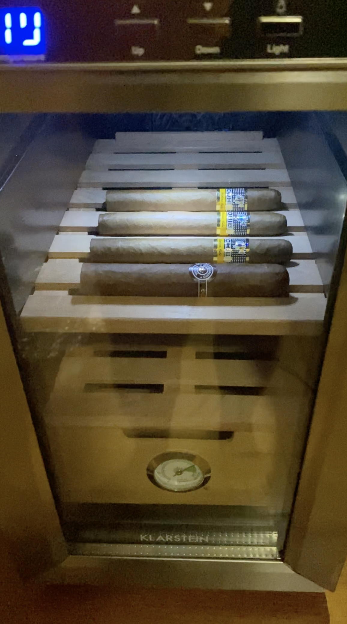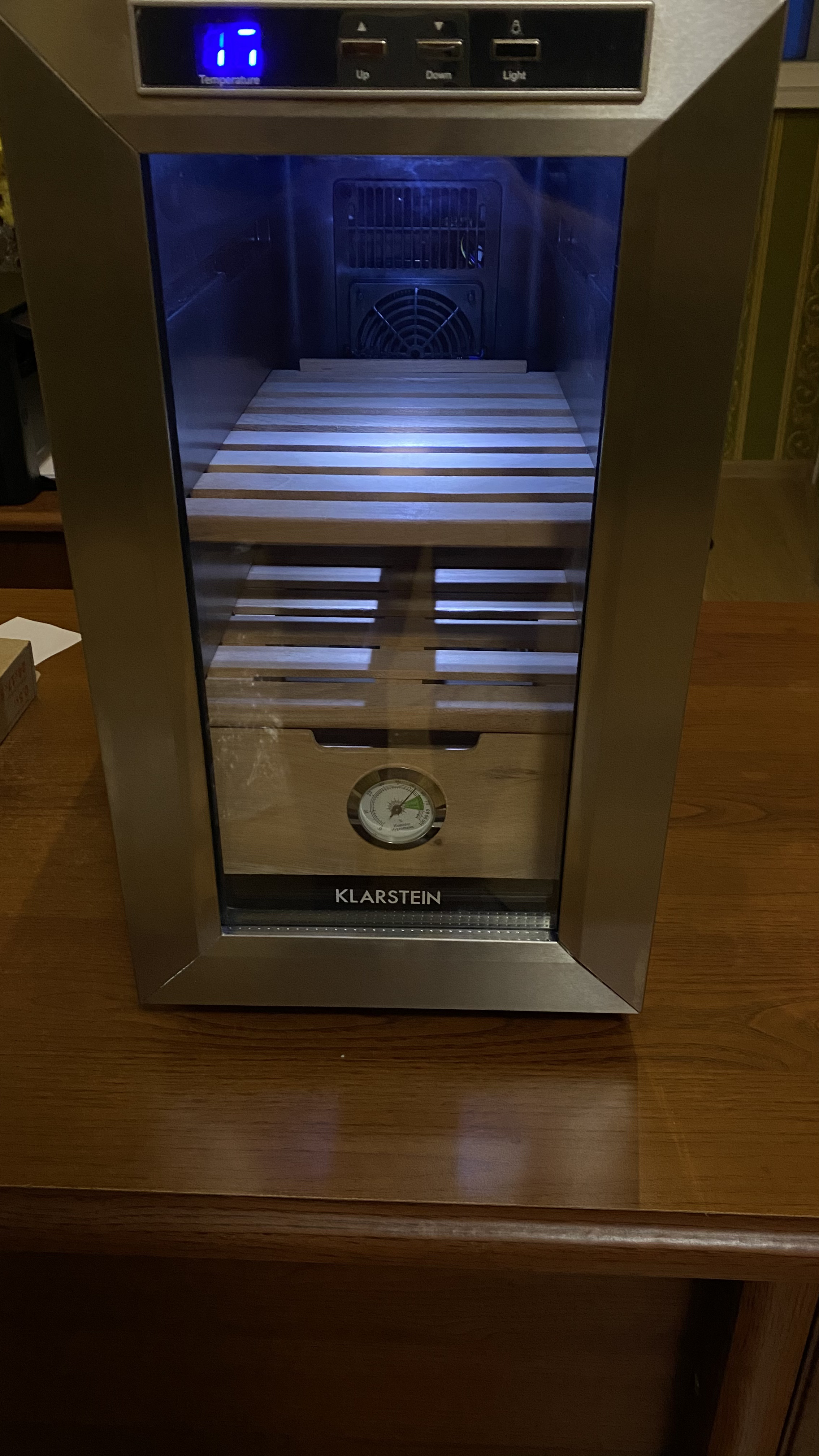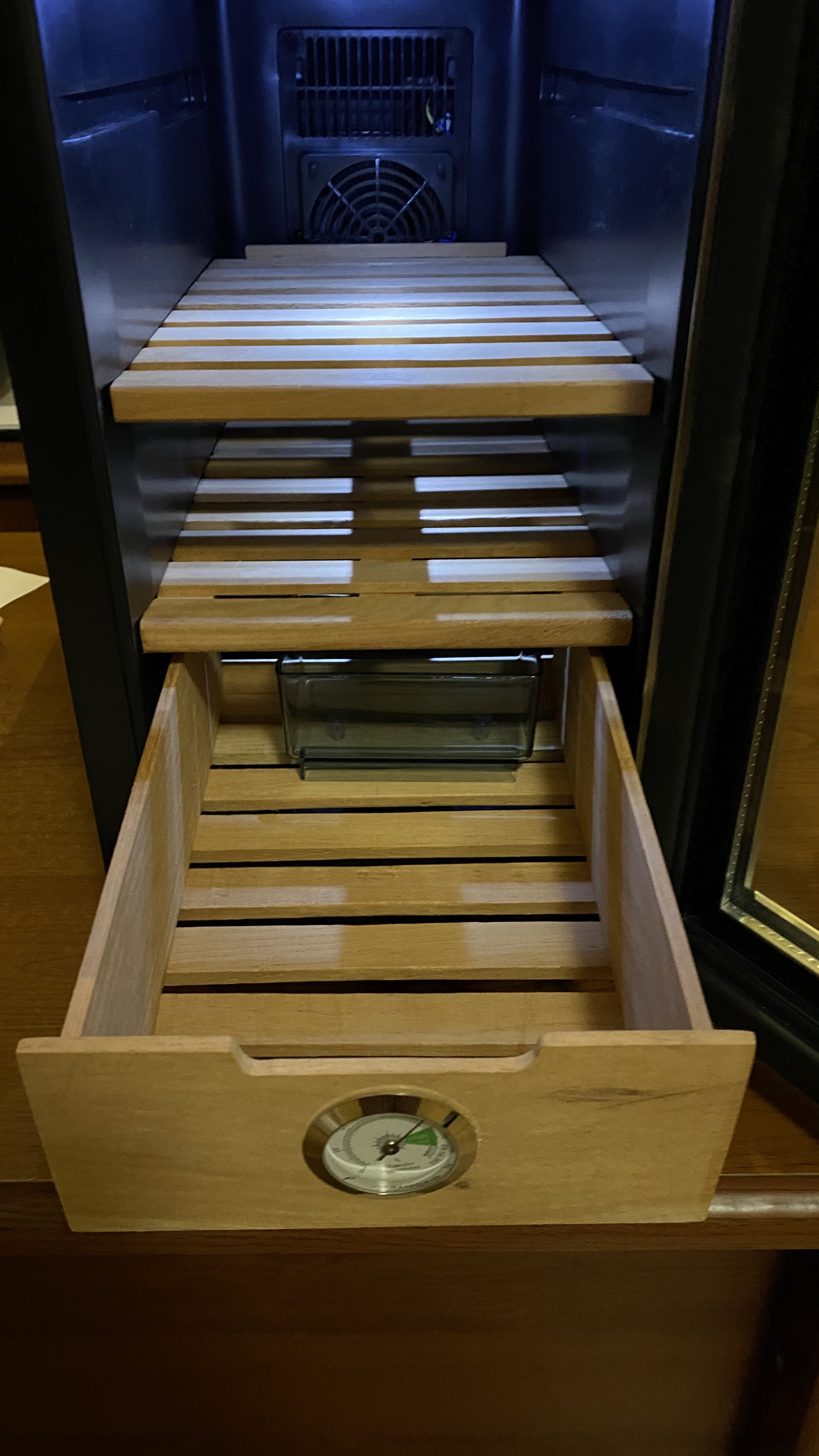 Ну шо, пацаны, хьюмидор? История такова: захотелось купить первый хьюмидор, но очень хотелось на приличное количество сигар и со стеклом. Но, проблема стекла в том, что через пососные стыки с деревом проёбывается влага + цены на них в сигарных магазинах ебанутые. Случайно наткнулся на фотку такой няши и подумал, что такая-то штука будет стоить космических денег, а оказалось, что меньше, чем хлипкие и мелкие хьюмики из спец магазов (180 баксов). Называется Klarstein El Presidente, производитель Кларштайн пилит всякую бытовуху, в том числе и винные холодосы на модулях Пельтье и они решили заменить митолльные полки с формовкой под бутылки на деревянные полки под сигары + кинули пластиковую ёмкость для воды/шариков, в итоге получился хьюмик. Это самая мелкая модель на 23 литра, есть здоровенные дуры, в которые сотни сигар можно разместить(правда горками). Из плюсов вижу то, что: 1. Пиздатое стекло с холодильным уплотнителем и магнитами(1 в 1 ваш бытовой холодос); 2. Подсветка 3. Автоматическое поддержание заданной температуры с помощью модуля Пельтье; 4. Вент внутри, который сдувает тепло/холод с радика, перемешивает воздух в хьюмики, за счёт чего влага и температура распределяется равномерно по всему объёму; 5. Не компрессорный = очень мало шума. Мне пох, ибо он будет стоять в отдельной комнате на 2 этаже, но если ты живёшь в квартире и купишь такой - вряд ли он будет тебе давить на уши. 6. Выглядит штатушнее обычного хьюмика-шкатулки. Из минусов вижу только то, что в нём мало дерева, а некоторые считают, что обмен аромата сигар с запахом испанского кедра - мастхэв фича, но я хз. Когда я его открыл, то с него пошёл довольно сильный запах, идентичный тому, что я ощущал из деревянных хьюмиков, а если забить его хорошенько сигарами, то вообще не проблема, что дерева маловато. Второй минус это размер, похож на в 1.5 раза уменьшенный системник кудахтера. Пока что нравится, посмотрим, как будет себя показывать со временем. Хотел к нему докупить электроувлажнитель, но потом понял, что на такой небольшой объём он и нахуй ненужон. Если в будущем куплю большой Хьюм - куплю автоувлажнялку.
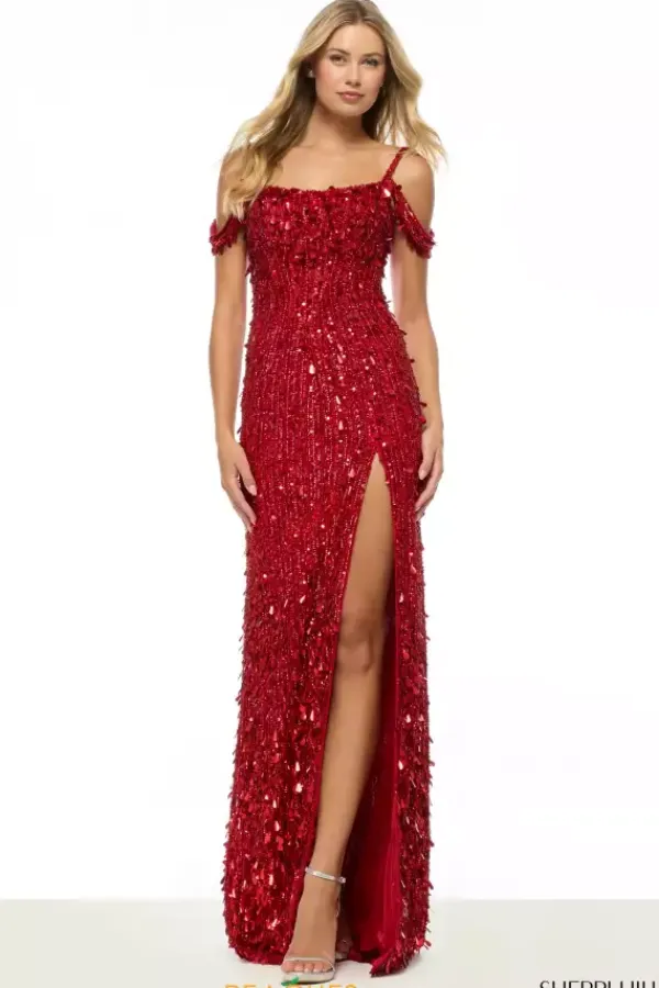 Shimmer and sparkle from all angles when you show up to your prom in this Sherri Hill dress style 57608. This fitted long dress has a scoop neckline with thick shoulder straps as well as off the shoulder cap sleeves. The peyote beading is showcases throughout the dress giving it movement. Completed with a thigh high front side slit.
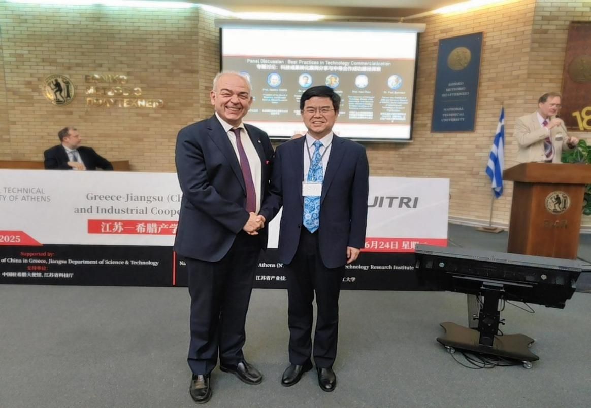 6月24日,代表团在希腊雅典国立技术大学参加“江苏—希腊产学研合作交流会”。江苏省委书记信长星、希腊阿提卡省省长尼科斯·哈扎利亚斯(Nikos Hardalias)、中国驻希腊大使方遒等出席会议,来自两国政府、高校、科研机构和企业的160余位代表参会。会议聚焦人工智能、绿色能源、海洋工程等前沿领域,深入探讨中希在科技创新与成果转化方面的合作潜力,积极拓展双方产学研融合发展的新路径。李洪波一行与雅典国立技术大学校长IOANNIS K. CHATJIGEORGIOU、校董事会理事Sergios Theodoridis对接“一带一路”智慧农业技术与装备相关合作,向希腊高新技术园区、高校院所及科技企业推介乐鱼线上平台(集团)官方网站技术成果,推动务实对接。代表团还与中国驻希腊大使馆教育参赞王瑾、亚里士多德大学代表TZOUVELEKAS MANOLIS对接了技术转移、学生流动项目合作。
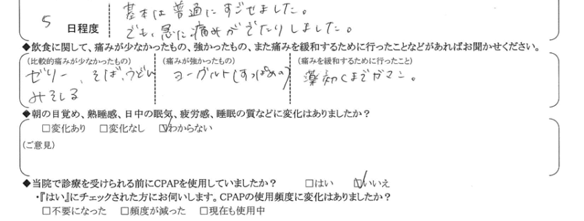 A:(痛みが少なかったもの) ゼリー・そば・うどん・味噌汁
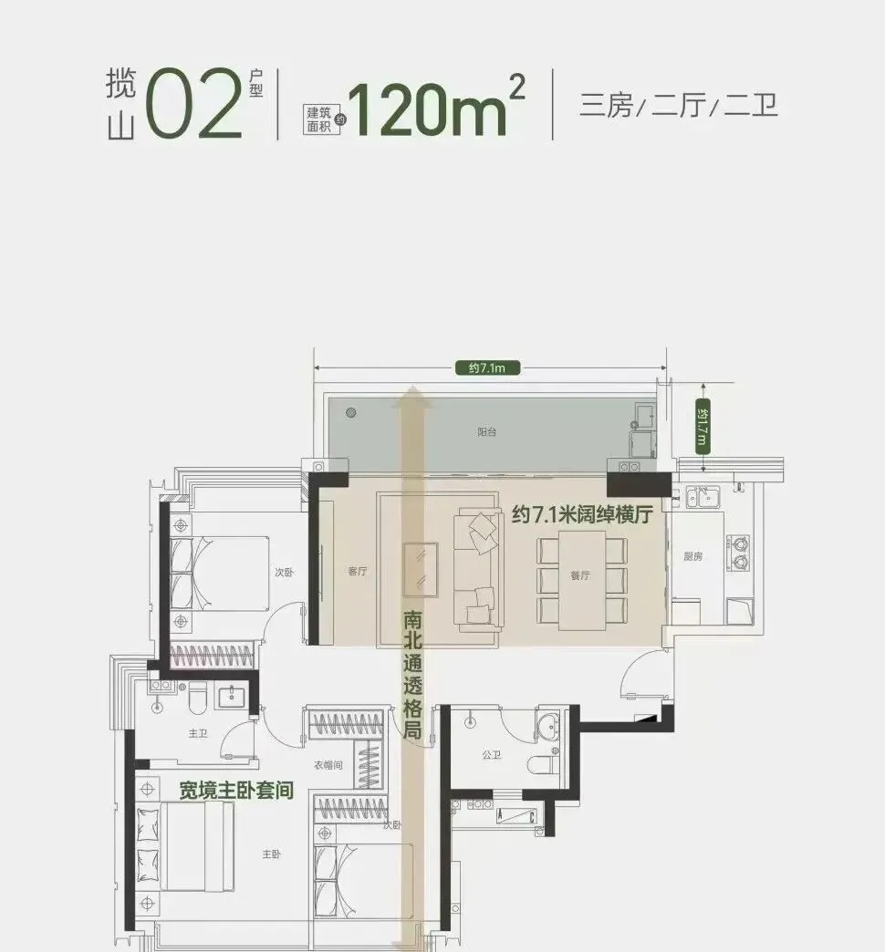- 户型设计合理:主力户型为120-268㎡的大户型,得房率较高(80%-90%)。120㎡做到3房,大户型层高达3.6米,空间开阔且动静分区明确。
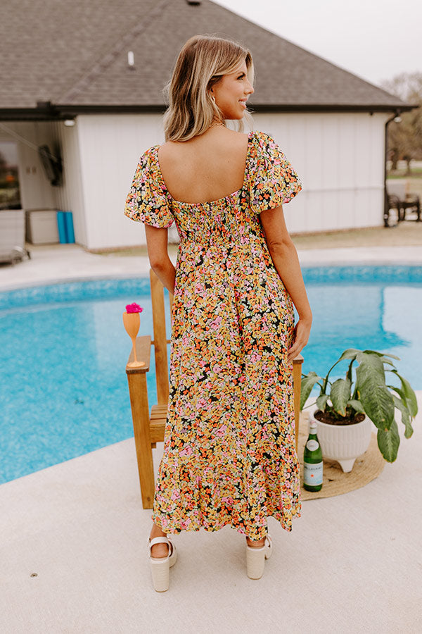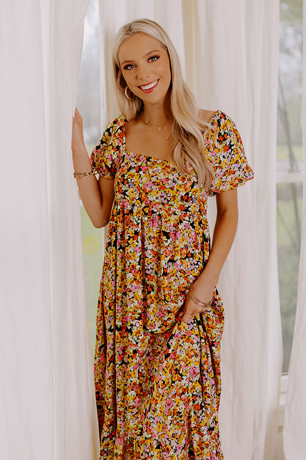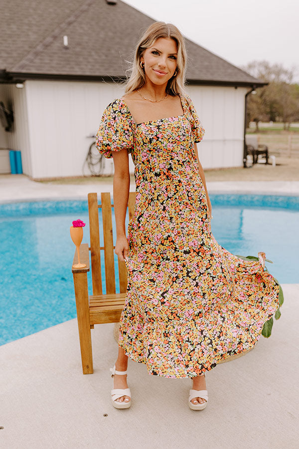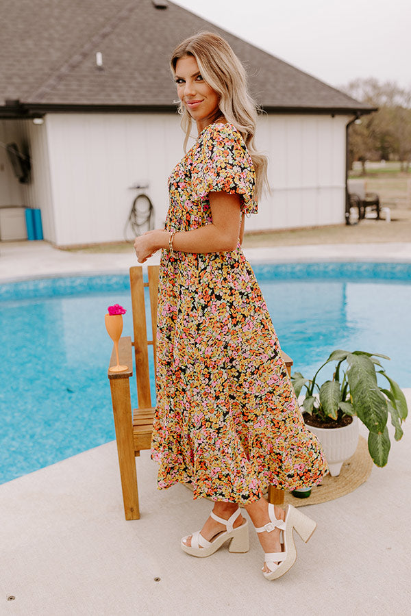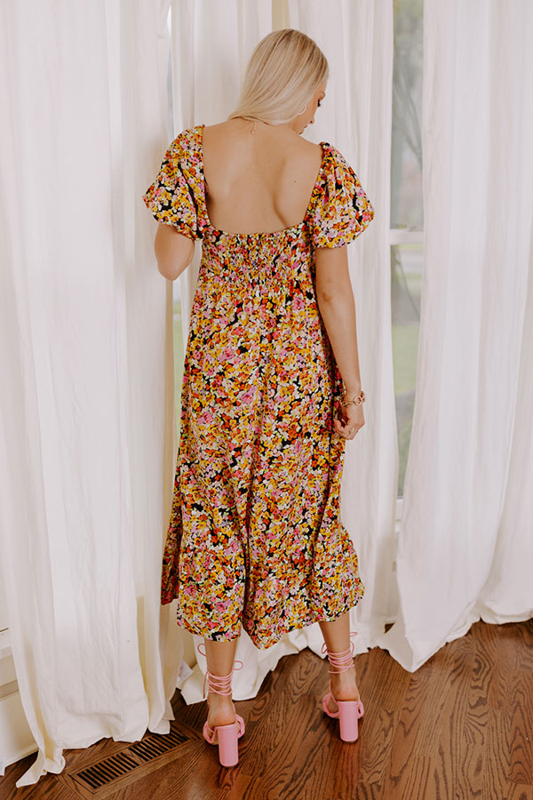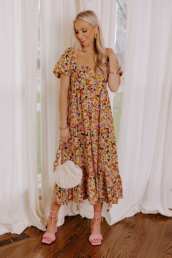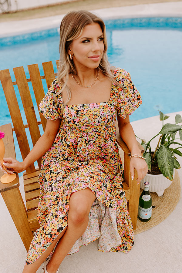 Twirl into style in our pretty black 'Take A Second' midi dress featuring lightweight flowy material patterned with a pink, red/orange, and yellow floral print, a smocked back bodice with a square neckline and upper back, short puff sleeves, and a relaxed skirt silhouette that falls into a straight mid-calf length hemline! on products
———
§ Work instruction: The records above must be output exactly, except for their pictures.

§ Answer to this problem:
 Ну шо, пацаны, хьюмидор? История такова: захотелось купить первый хьюмидор, но очень хотелось на приличное количество сигар и со стеклом. Но, проблема стекла в том, что через пососные стыки с деревом проёбывается влага + цены на них в сигарных магазинах ебанутые. Случайно наткнулся на фотку такой няши и подумал, что такая-то штука будет стоить космических денег, а оказалось, что меньше, чем хлипкие и мелкие хьюмики из спец магазов (180 баксов). Называется Klarstein El Presidente, производитель Кларштайн пилит всякую бытовуху, в том числе и винные холодосы на модулях Пельтье и они решили заменить митолльные полки с формовкой под бутылки на деревянные полки под сигары + кинули пластиковую ёмкость для воды/шариков, в итоге получился хьюмик. Это самая мелкая модель на 23 литра, есть здоровенные дуры, в которые сотни сигар можно разместить(правда горками). Из плюсов вижу то, что: 1. Пиздатое стекло с холодильным уплотнителем и магнитами(1 в 1 ваш бытовой холодос); 2. Подсветка 3. Автоматическое поддержание заданной температуры с помощью модуля Пельтье; 4. Вент внутри, который сдувает тепло/холод с радика, перемешивает воздух в хьюмики, за счёт чего влага и температура распределяется равномерно по всему объёму; 5. Не компрессорный = очень мало шума. Мне пох, ибо он будет стоять в отдельной комнате на 2 этаже, но если ты живёшь в квартире и купишь такой - вряд ли он будет тебе давить на уши. 6. Выглядит штатушнее обычного хьюмика-шкатулки. Из минусов вижу только то, что в нём мало дерева, а некоторые считают, что обмен аромата сигар с запахом испанского кедра - мастхэв фича, но я хз. Когда я его открыл, то с него пошёл довольно сильный запах, идентичный тому, что я ощущал из деревянных хьюмиков, а если забить его хорошенько сигарами, то вообще не проблема, что дерева маловато. Второй минус это размер, похож на в 1.5 раза уменьшенный системник кудахтера. Пока что нравится, посмотрим, как будет себя показывать со временем. Хотел к нему докупить электроувлажнитель, но потом понял, что на такой небольшой объём он и нахуй ненужон. Если в будущем куплю большой Хьюм - куплю автоувлажнялку.
 Shimmer and sparkle from all angles when you show up to your prom in this Sherri Hill dress style 57608. This fitted long dress has a scoop neckline with thick shoulder straps as well as off the shoulder cap sleeves. The peyote beading is showcases throughout the dress giving it movement. Completed with a thigh high front side slit.
 6月24日,代表团在希腊雅典国立技术大学参加“江苏—希腊产学研合作交流会”。江苏省委书记信长星、希腊阿提卡省省长尼科斯·哈扎利亚斯(Nikos Hardalias)、中国驻希腊大使方遒等出席会议,来自两国政府、高校、科研机构和企业的160余位代表参会。会议聚焦人工智能、绿色能源、海洋工程等前沿领域,深入探讨中希在科技创新与成果转化方面的合作潜力,积极拓展双方产学研融合发展的新路径。李洪波一行与雅典国立技术大学校长IOANNIS K. CHATJIGEORGIOU、校董事会理事Sergios Theodoridis对接“一带一路”智慧农业技术与装备相关合作,向希腊高新技术园区、高校院所及科技企业推介乐鱼线上平台(集团)官方网站技术成果,推动务实对接。代表团还与中国驻希腊大使馆教育参赞王瑾、亚里士多德大学代表TZOUVELEKAS MANOLIS对接了技术转移、学生流动项目合作。
 A:(痛みが少なかったもの) ゼリー・そば・うどん・味噌汁
- 户型设计合理:主力户型为120-268㎡的大户型,得房率较高(80%-90%)。120㎡做到3房,大户型层高达3.6米,空间开阔且动静分区明确。
 Twirl into style in our pretty black 'Take A Second' midi dress featuring lightweight flowy material patterned with a pink, red/orange, and yellow floral print, a smocked back bodice with a square neckline and upper back, short puff sleeves, and a relaxed skirt silhouette that falls into a straight mid-calf length hemline! on products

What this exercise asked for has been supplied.